Остаток войны для капитана Юнгера – история печальная. Освобожденный от служебных обязанностей, он едет домой, в Кирххорст, где разбирает свои бумаги, читает рассказы о кораблекрушениях, читает «A Rebours»[211] Гюисманса и ждет, когда раздастся грохот американских танков. Получив телеграмму с известием о гибели Эрнстеля на итальянском фронте, он лишается воли к тому, чтобы вести себя разумно, и проявляет ужас родителя, сраженного наповал, потерявшего то, что любит больше всего. Фото Эрнстеля висит у него в библиотеке рядом с портретом его покровителя, генерала Шпайделя.

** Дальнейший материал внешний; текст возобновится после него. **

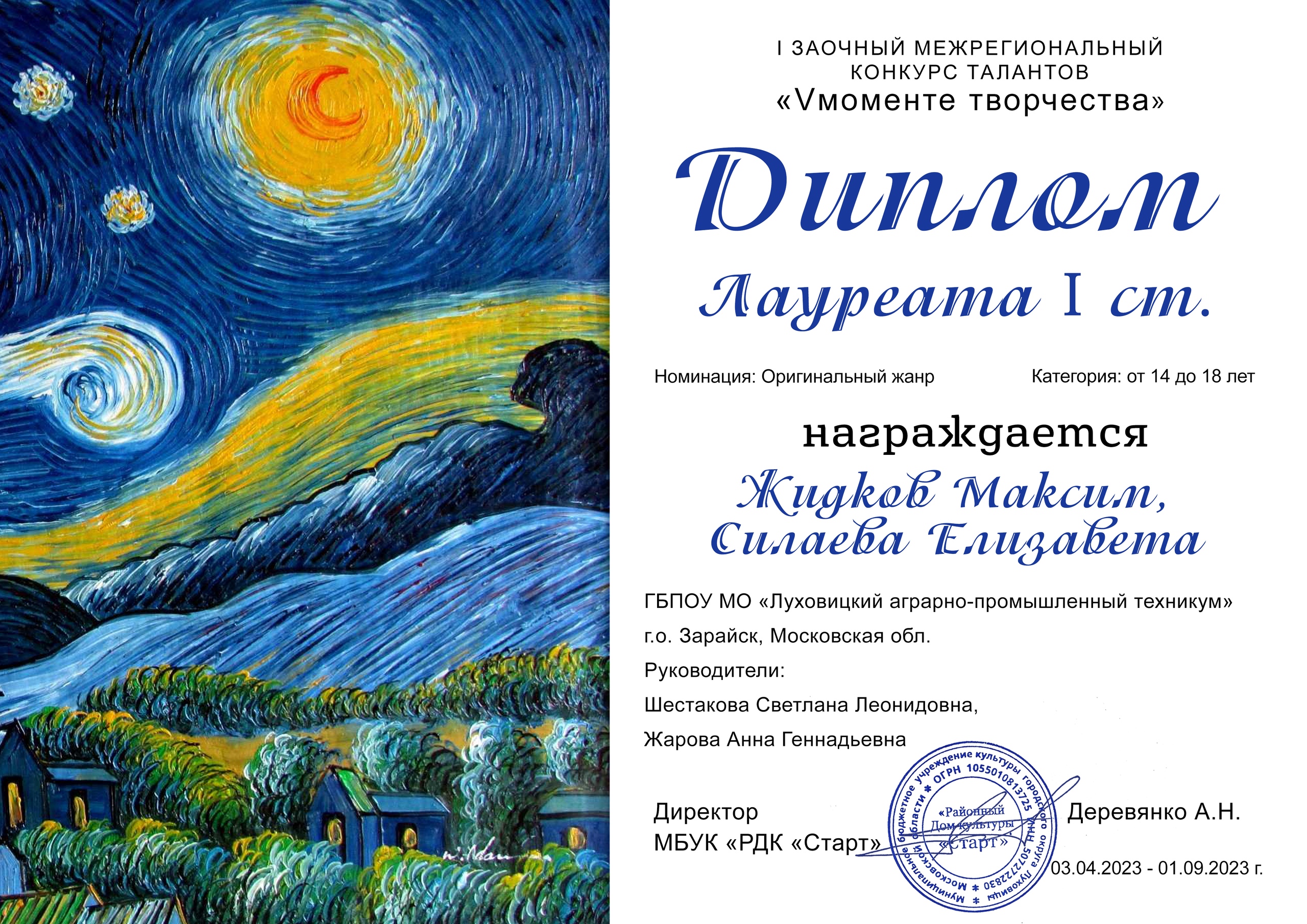 Студенты аграрно-промышленного техникума приняли участие в I межрегиональном конкурсе талантов «Vмоменте творчества» и заняли почетное 1 место в номинации «Оригинальный жанр».
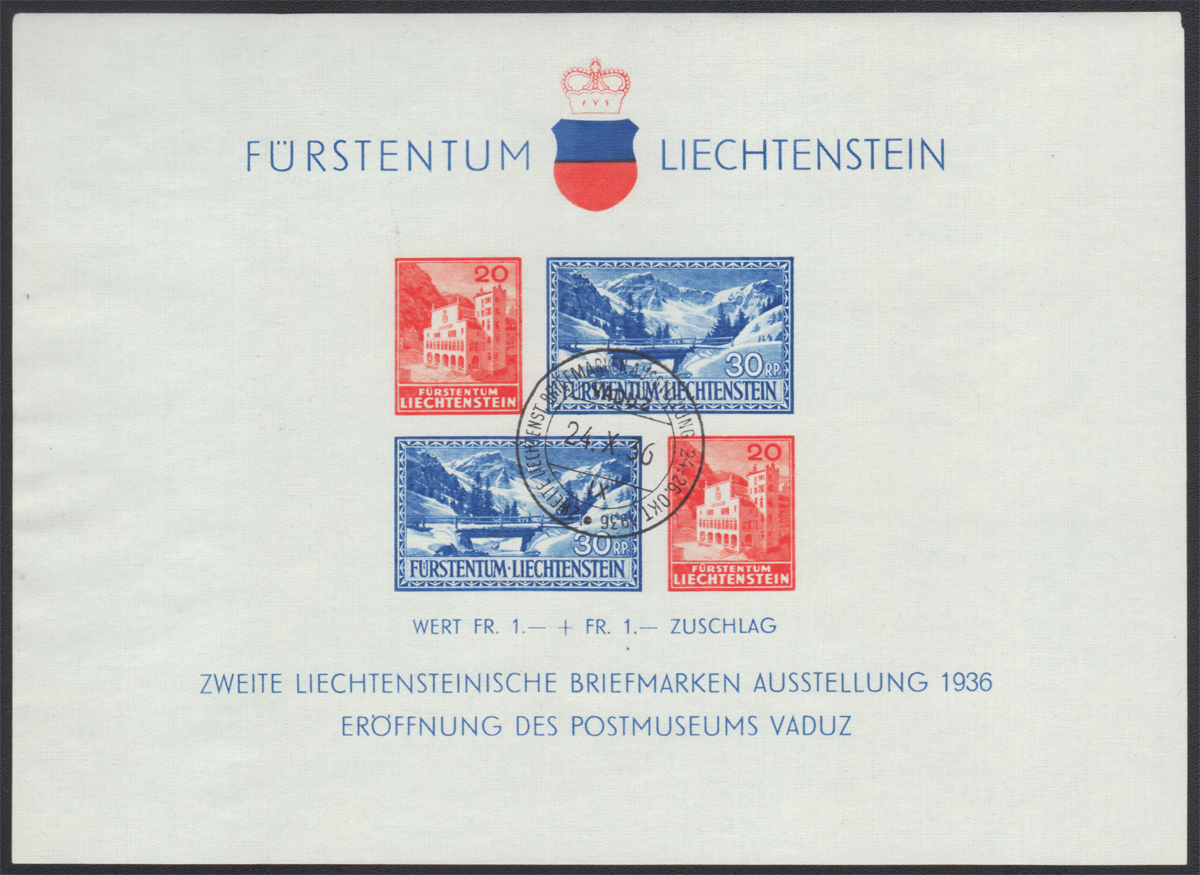 Liechtenstein - Otwarcie Muzeum Poczty i 2. Wystawa Filatelistyczna. Blok skasowany stemplem okolicznościowym w pierwszym dniu obiegu 24.X.36 - to był też pierwszy dzień wystawy. Bardzo wysoka wycena FDC - 500 euro.
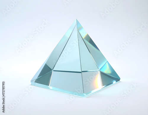 Reflective Glass Pyramid with Soft Lighting on White Background
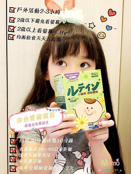 ;對於這麼愛看電視、影片的寶貝,還有只能整天讀書的Yoyo,姿勢不良+長時間看書,默默媽咪真的很擔心,除了讓他們有個健康環境(亮度夠嗎?)、是否適度休息?(休息時間的制定)、戶外活動接觸大自然、定期檢查...以外,我選【孕哺兒小晶亮視敏嚼錠】來保護他們
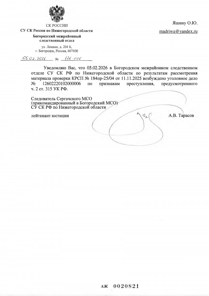 Богородский межрайонный следственный отдел возбудил второй раз уголовное дело по ч. 2 ст. 315 УК РФ это неисполнения решения Богородского городского суда Нижегородской области. Первое уголовное дело прокуратура отменила. https://vk.ru/wall349781177_3233 ----------
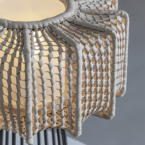 Arno燈具系列無論落地燈或臺燈,都是相當精致而富有現代氣息的產品,高貴氣質從細節和純熟的制造中流露出來。皮料是Arno燈具系列的主角,是這類產品中難得一見的元素。燈罩設計采用古老的皮革編織鞣制工藝,金屬支撐結構傳遞出流暢、簡約和支撐感,與燈罩形成鮮明對比。
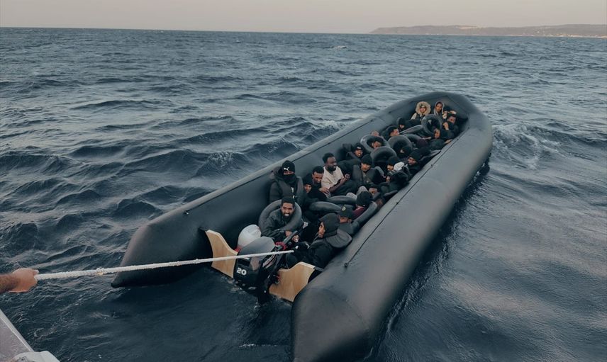 İzmir'in Çeşme ilçesi açıklarında sürüklenen lastik bottaki 34 düzensiz göçmen, Sahil Güvenlik Komutanlığı ekipleri tarafından kurtarıldı. Kurtarılan göçmenler arasında 3 çocuk da bulunuyor.
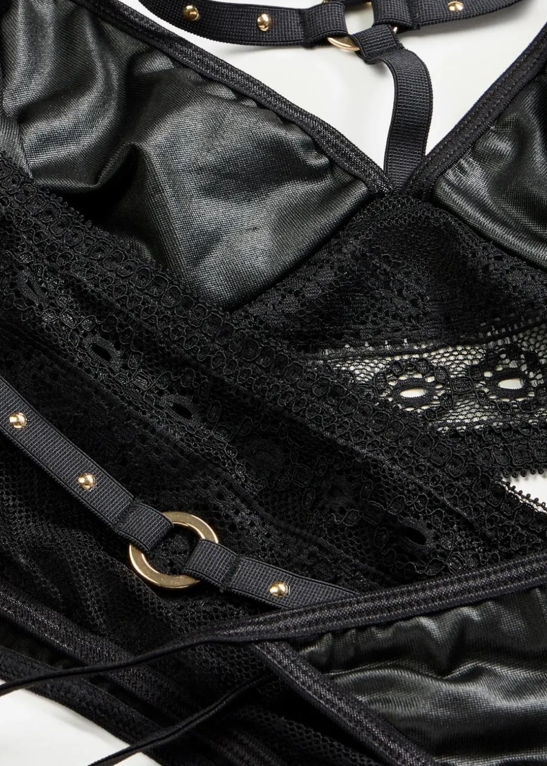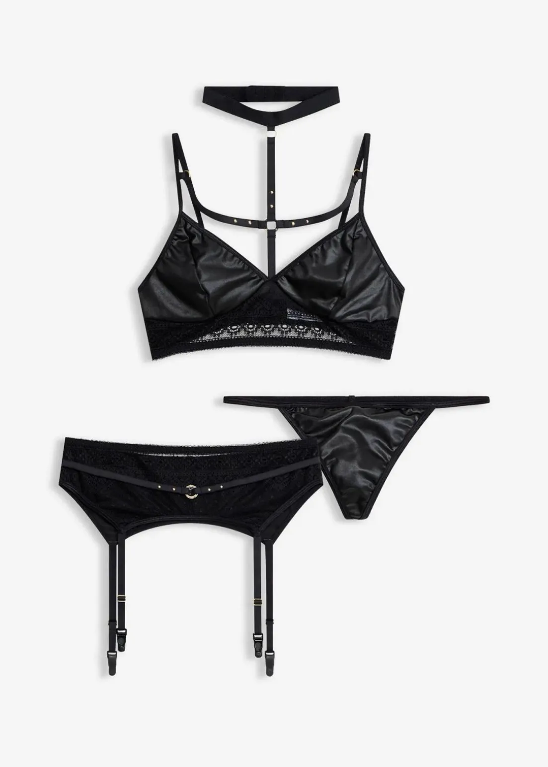 Dieses sexy Set wird Ihre Lust noch weiter steigern. Die glänzenden Einsätze wirken erotisch – aufregende Details zieren das Set noch weiter. Kombiniert mit heißen Strapsstrümpfen aus dem bonprix Sortiment werden Sie die Blicke auf sich ziehen.
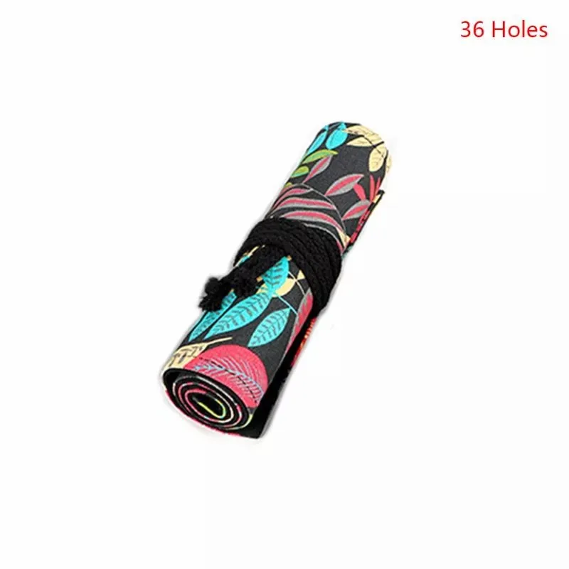 Tree Leaf 12/24/36/48/72 Holes Canvas Roll Pen Curtain Pencil Bag Case Makeup Wrap Holder Storage Pouch School Supplies

Юнгер отказался предстать перед комиссией по «денацификации» на том основании, что никогда не был нацистом. Однако вся его карьера развивалась таким образом, что закрыла ему доступ в послевоенный литературный истеблишмент Германии. Если идеалом его была «пустыня», то до недавнего времени он был обречен на пребывание там. С 1950 года он живет в живописной холмистой местности, в Верхней Швабии; его дом в Вильфлингене расположен напротив замка баронов фон Штауффенбергов, куда по случайному совпадению был интернирован Пьер Лаваль после побега из Франции в 1944-м. (Зигмаринген, резиденция маршала Петена и место действия «D’un Château à l’autre»[212], лежит всего в нескольких милях).
Мой собственный визит к Юнгеру пять лет назад оставил странные впечатления. В восемьдесят лет у него были белые, как снег, волосы и при этом подпрыгивающая походка очень подвижного школьника. Смех у него был негромкий, фыркающий. Стоило вниманию переключиться с его персоны на что-либо еще, он, как правило, отвлекался. Незадолго до того он выпустил книгу, где описывал свои эксперименты с наркотиками, от первого вдоха эфира до лизергиновой кислоты, и вот-вот собирался издать огромный роман, озаглавленный «Eumeswil». Первый этаж дома был обставлен в стиле бидермайер, там были тюлевые занавески и фаянсовые печурки, а обитала там его вторая жена, профессиональный архивист, специалист по текстологии Гёте. Собственные апартаменты Юнгера наверху жесткими поверхностями напоминали солдатский бункер, на лестнице стояли шкафчики с жуками, повсюду вокруг лежали памятные сувениры: кости ископаемых, раковины, шлемы с обеих войн, скелеты животных, коллекция песочных часов. (В 1954 году он написал «Трактат о песочных часах» – философское размышление о ходе времени.)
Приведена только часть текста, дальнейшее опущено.